→ **What you are asked to do**:
Exclude the pictures, then repeat the remaining data exactly.

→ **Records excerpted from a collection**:

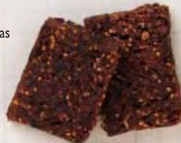
PASTA OSCURA CON SEMILLAS
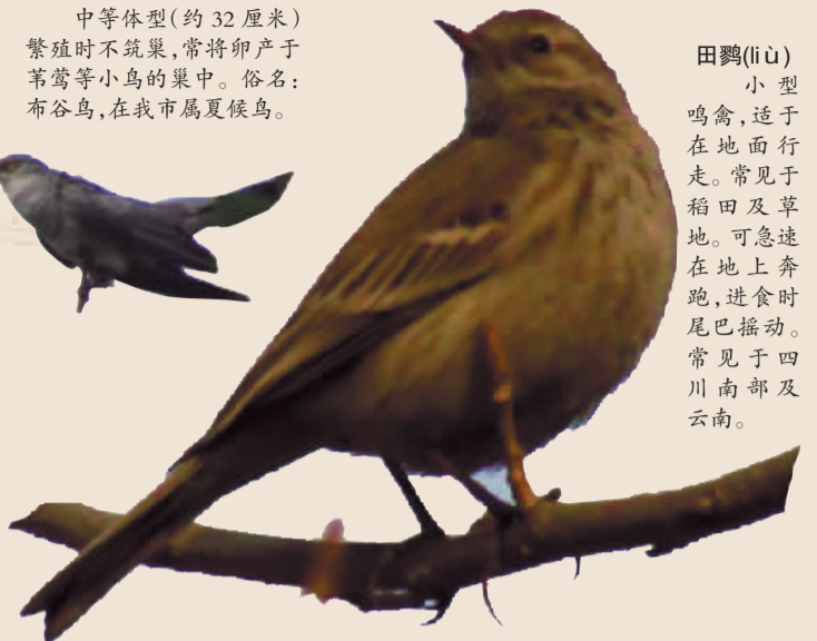
田鸛(liù) 小型鸣禽,适于在地面行走。常见于稻田及草地。可急速在地上奔跑,进食时尾巴摇动。常见于四川南部及云南。
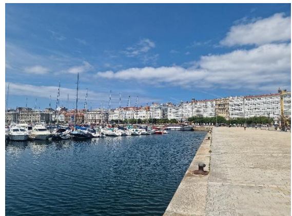
Die Mole von A Coruña

Die Reise führt uns weiter durch Küstenorte wie Laxe, wo sich das Leben in ruhigem Rhythmus zwischen Hafen und Strand abspielt, bevor wir in A Coruña wieder in das lebendige Stadtleben eintauchen. Hier treffen Tradition, Meer und urbanes Leben aufeinander und schaffen eine besondere Atmosphäre.
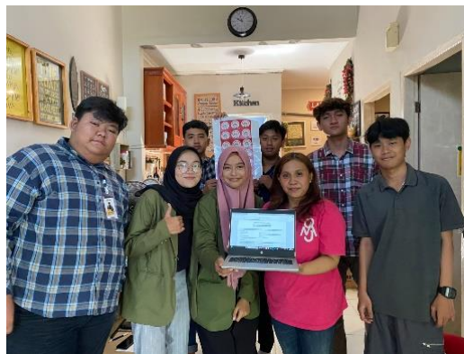
Gambar 6. Penyerahan Logo UMKM Mom's Desy Kitchen

Setelah melakukan desain logo dan banner kemudian dicetak, dilakukan penyerahan logo dan banner tersebut kepada pelaku UMKM Mom's Desy Kitchen. Dengan harapan agar dapat bermanfaat untuk menunjang kebutuhan usaha. Penyerahan hasil capaian dilakukan sebagai upaya dalam memberikan solusi mengenai kurangnya kesadaran merek UMKM Mom's Desy Kitchen. Untuk menciptakan citra merek, pelaku UMKM perlu memahami kebutuhan pelanggan, menciptakan kesan yang baik, dan membangun hubungan emosional dengan pelanggan. Hal ini diharapkan dapat membantu dan memberi kemudahan pada pelaku UMKM dalam menjalankan usahanya sehingga potensi yang dimiliki oleh UMKM Mom's Desy Kitchen dapat berjalan secara optimal.
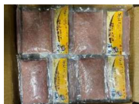
Chả cá thác lát 200g/túi ナイフフィッシュのすり身 320y/túi
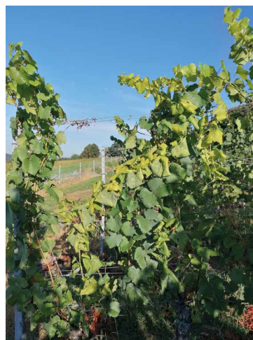
Abb. 2: Symptome der Goldgelben Vergilbung. (Foto: DI Martin Klug, A10).
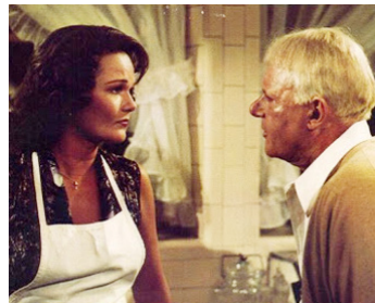
1976 W. C. FIELDS ET MOI (W. C. Fields and me) d'Arthur Hiller avec Valerie Perrine
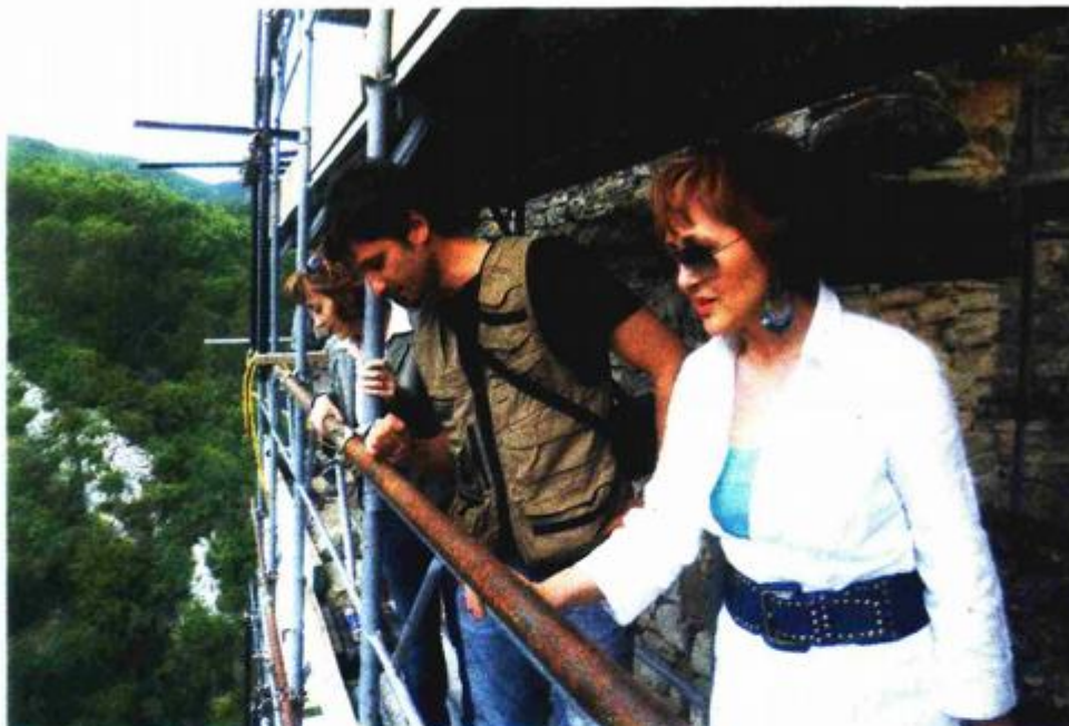
Skele na južnom zidu, nad strmom liticom

→ **Answer for this exercise**:
PASTA OSCURA CON SEMILLAS
田鸛(liù) 小型鸣禽,适于在地面行走。常见于稻田及草地。可急速在地上奔跑,进食时尾巴摇动。常见于四川南部及云南。
Die Mole von A Coruña

Die Reise führt uns weiter durch Küstenorte wie Laxe, wo sich das Leben in ruhigem Rhythmus zwischen Hafen und Strand abspielt, bevor wir in A Coruña wieder in das lebendige Stadtleben eintauchen. Hier treffen Tradition, Meer und urbanes Leben aufeinander und schaffen eine besondere Atmosphäre.
Gambar 6. Penyerahan Logo UMKM Mom's Desy Kitchen

Setelah melakukan desain logo dan banner kemudian dicetak, dilakukan penyerahan logo dan banner tersebut kepada pelaku UMKM Mom's Desy Kitchen. Dengan harapan agar dapat bermanfaat untuk menunjang kebutuhan usaha. Penyerahan hasil capaian dilakukan sebagai upaya dalam memberikan solusi mengenai kurangnya kesadaran merek UMKM Mom's Desy Kitchen. Untuk menciptakan citra merek, pelaku UMKM perlu memahami kebutuhan pelanggan, menciptakan kesan yang baik, dan membangun hubungan emosional dengan pelanggan. Hal ini diharapkan dapat membantu dan memberi kemudahan pada pelaku UMKM dalam menjalankan usahanya sehingga potensi yang dimiliki oleh UMKM Mom's Desy Kitchen dapat berjalan secara optimal.
Chả cá thác lát 200g/túi ナイフフィッシュのすり身 320y/túi
Abb. 2: Symptome der Goldgelben Vergilbung. (Foto: DI Martin Klug, A10).
1976 W. C. FIELDS ET MOI (W. C. Fields and me) d'Arthur Hiller avec Valerie Perrine
Skele na južnom zidu, nad strmom liticom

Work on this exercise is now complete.